#### Exercise details:
Copy out the lines of the records below, and only those lines, from the one with "AРУНДО тростинний варієгатний" through the one with "Trixie Mand Lennie 40cm", exactly as they appear.

#### Records supplied:

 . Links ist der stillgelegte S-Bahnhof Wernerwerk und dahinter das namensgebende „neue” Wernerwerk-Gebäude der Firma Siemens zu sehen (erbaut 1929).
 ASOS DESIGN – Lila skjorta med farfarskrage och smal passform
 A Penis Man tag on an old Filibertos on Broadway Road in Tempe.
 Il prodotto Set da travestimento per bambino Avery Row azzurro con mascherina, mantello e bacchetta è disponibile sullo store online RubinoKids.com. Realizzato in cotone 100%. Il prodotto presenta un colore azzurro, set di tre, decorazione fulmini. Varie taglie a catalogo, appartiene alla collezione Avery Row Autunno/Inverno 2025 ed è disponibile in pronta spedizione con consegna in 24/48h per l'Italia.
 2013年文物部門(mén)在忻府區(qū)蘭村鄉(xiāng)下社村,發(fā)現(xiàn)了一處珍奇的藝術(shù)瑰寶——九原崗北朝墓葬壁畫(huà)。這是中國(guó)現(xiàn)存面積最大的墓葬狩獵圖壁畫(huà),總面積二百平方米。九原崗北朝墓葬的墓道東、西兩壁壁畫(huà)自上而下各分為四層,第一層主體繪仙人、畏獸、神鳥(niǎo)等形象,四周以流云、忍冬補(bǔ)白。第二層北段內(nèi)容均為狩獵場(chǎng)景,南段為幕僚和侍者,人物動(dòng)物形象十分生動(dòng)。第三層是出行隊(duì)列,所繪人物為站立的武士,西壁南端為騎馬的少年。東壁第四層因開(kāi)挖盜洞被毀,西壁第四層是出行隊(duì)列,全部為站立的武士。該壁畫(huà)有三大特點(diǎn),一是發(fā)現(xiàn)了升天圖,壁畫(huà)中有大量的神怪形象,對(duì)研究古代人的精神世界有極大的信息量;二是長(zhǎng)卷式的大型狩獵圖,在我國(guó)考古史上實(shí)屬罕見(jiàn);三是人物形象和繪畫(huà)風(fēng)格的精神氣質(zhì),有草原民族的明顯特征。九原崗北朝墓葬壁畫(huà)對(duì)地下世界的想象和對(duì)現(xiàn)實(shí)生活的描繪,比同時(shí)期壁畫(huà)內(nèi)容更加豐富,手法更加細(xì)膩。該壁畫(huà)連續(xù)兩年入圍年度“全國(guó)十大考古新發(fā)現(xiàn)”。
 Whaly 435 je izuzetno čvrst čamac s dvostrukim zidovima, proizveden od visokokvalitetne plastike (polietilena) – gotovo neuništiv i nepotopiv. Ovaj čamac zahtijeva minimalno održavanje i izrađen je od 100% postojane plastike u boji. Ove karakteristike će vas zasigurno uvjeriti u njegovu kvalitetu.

==

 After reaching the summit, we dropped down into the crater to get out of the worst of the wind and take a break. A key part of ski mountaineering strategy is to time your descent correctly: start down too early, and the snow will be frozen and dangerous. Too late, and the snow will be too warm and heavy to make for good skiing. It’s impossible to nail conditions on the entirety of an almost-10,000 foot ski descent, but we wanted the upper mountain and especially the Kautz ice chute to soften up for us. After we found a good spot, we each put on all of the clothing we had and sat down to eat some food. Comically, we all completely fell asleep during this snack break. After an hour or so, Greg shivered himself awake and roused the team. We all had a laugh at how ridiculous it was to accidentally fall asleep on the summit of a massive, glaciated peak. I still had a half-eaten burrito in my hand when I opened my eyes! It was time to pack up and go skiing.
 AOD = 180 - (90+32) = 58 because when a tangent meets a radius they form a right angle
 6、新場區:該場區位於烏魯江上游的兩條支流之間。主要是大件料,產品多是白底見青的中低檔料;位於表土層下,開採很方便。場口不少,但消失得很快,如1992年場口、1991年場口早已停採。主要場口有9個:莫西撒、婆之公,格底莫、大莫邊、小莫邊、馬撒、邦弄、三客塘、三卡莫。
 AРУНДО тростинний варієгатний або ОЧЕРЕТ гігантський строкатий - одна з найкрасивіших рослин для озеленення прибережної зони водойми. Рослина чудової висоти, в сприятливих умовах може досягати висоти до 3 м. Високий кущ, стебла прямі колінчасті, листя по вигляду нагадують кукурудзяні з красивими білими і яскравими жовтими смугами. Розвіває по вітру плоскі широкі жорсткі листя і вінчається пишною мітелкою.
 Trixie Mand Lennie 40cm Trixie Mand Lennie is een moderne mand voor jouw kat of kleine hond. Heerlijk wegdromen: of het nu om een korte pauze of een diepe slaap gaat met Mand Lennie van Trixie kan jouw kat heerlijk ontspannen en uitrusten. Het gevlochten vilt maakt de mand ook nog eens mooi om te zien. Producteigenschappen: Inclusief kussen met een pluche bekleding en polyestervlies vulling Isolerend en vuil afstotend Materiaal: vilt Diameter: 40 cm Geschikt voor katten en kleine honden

#### Solution for this problem:
 AРУНДО тростинний варієгатний або ОЧЕРЕТ гігантський строкатий - одна з найкрасивіших рослин для озеленення прибережної зони водойми. Рослина чудової висоти, в сприятливих умовах може досягати висоти до 3 м. Високий кущ, стебла прямі колінчасті, листя по вигляду нагадують кукурудзяні з красивими білими і яскравими жовтими смугами. Розвіває по вітру плоскі широкі жорсткі листя і вінчається пишною мітелкою.
 Trixie Mand Lennie 40cm Trixie Mand Lennie is een moderne mand voor jouw kat of kleine hond. Heerlijk wegdromen: of het nu om een korte pauze of een diepe slaap gaat met Mand Lennie van Trixie kan jouw kat heerlijk ontspannen en uitrusten. Het gevlochten vilt maakt de mand ook nog eens mooi om te zien. Producteigenschappen: Inclusief kussen met een pluche bekleding en polyestervlies vulling Isolerend en vuil afstotend Materiaal: vilt Diameter: 40 cm Geschikt voor katten en kleine honden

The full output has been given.